The shiny metal object is a shield around the respiration coupling transformer. The two other transformers are for isolated power and for the multiplexed patient data.Note the neon lamps and spark gap (lower left)  for defibrillator protection. The left edge-connector provides chassis ground only. The right one is for the non-isolated power and data.

You can see the technologies we used: Bifet and LM346 low-power op-amps, 4000 CMOS logic, and CMOS switches (DG211 and 405x). We had an assortment of yellow Electrocube axial film capacitors and used them everywhere. For long time-constant capacitors, we used reliable wet-slug tantalums.

We minimized the use of trimpots and used some precision resistor values instead.

pcb1

ECG

We originally planned to use a clever 2 lead ECG. 2 leads on a tiny neonate is an advantage over 3 leads. It was originally designed at HP, and was patented by HP. I thought I had a different implementation that got around the HP patent, and built the board to do both 2 and 3 leads. But Corometrics marketing people and the IP lawyers weren't so sure, so we stayed with the standard 3 leads.

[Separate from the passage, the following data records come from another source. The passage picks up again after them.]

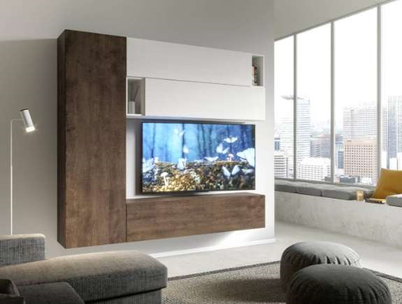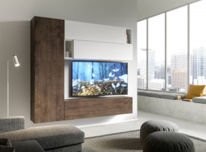 La parete attrezzata Isoka A34 è composta da tre elementi orizzontali accostati a un elemento verticale più capiente. Due cubetti aperti rendono la composizione più sfiziosa.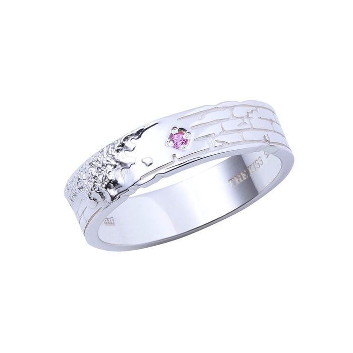 平打ちタイプのリングにレンガ調を取り込み、センターにはヒストリアをイメージしたピンクサファイアのストーンをセット。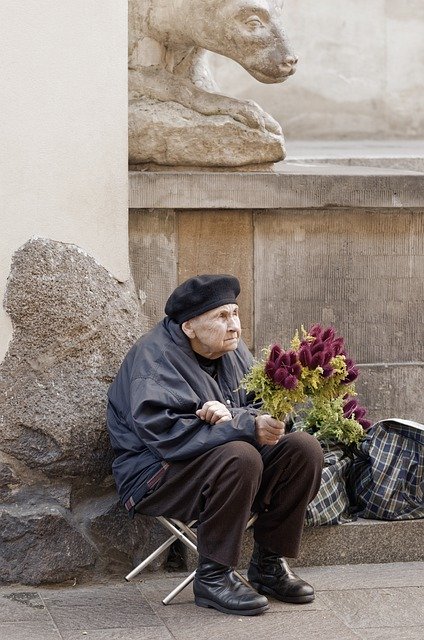 woman, old, age, person, hat, poor, seated, chair, street, corner, building, historical, sale, flowers, sculpture, lion, urban, city, tourism, Free photos,Free picture Woman Old Age - integrated with the OffiDocs web apps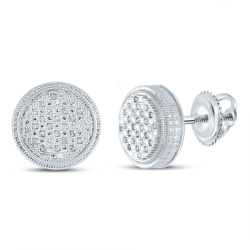 Sterling Silver Mens Round Diamond Disk Circle Earrings 1/6 Cttw

For 3 leads, you drive the 3rd lead leg electrode with the common mode signal. This reduces the common mode AC line and other noise on the main 2 leads. For 2 leads, instead of driving the patient leg with the 3rd lead, a +/- 40V amplifier drives the chassis ground through a high-value resistor to reduce common mode.
       
A challenge in designing an ECG is that the unit must detect 1mV signals, but must recover from a defibrillation very quickly.  Defib. pulses can be up to 400 joules and over 1000 volts.  The ECG must recover the display and detect QRS within 2 seconds.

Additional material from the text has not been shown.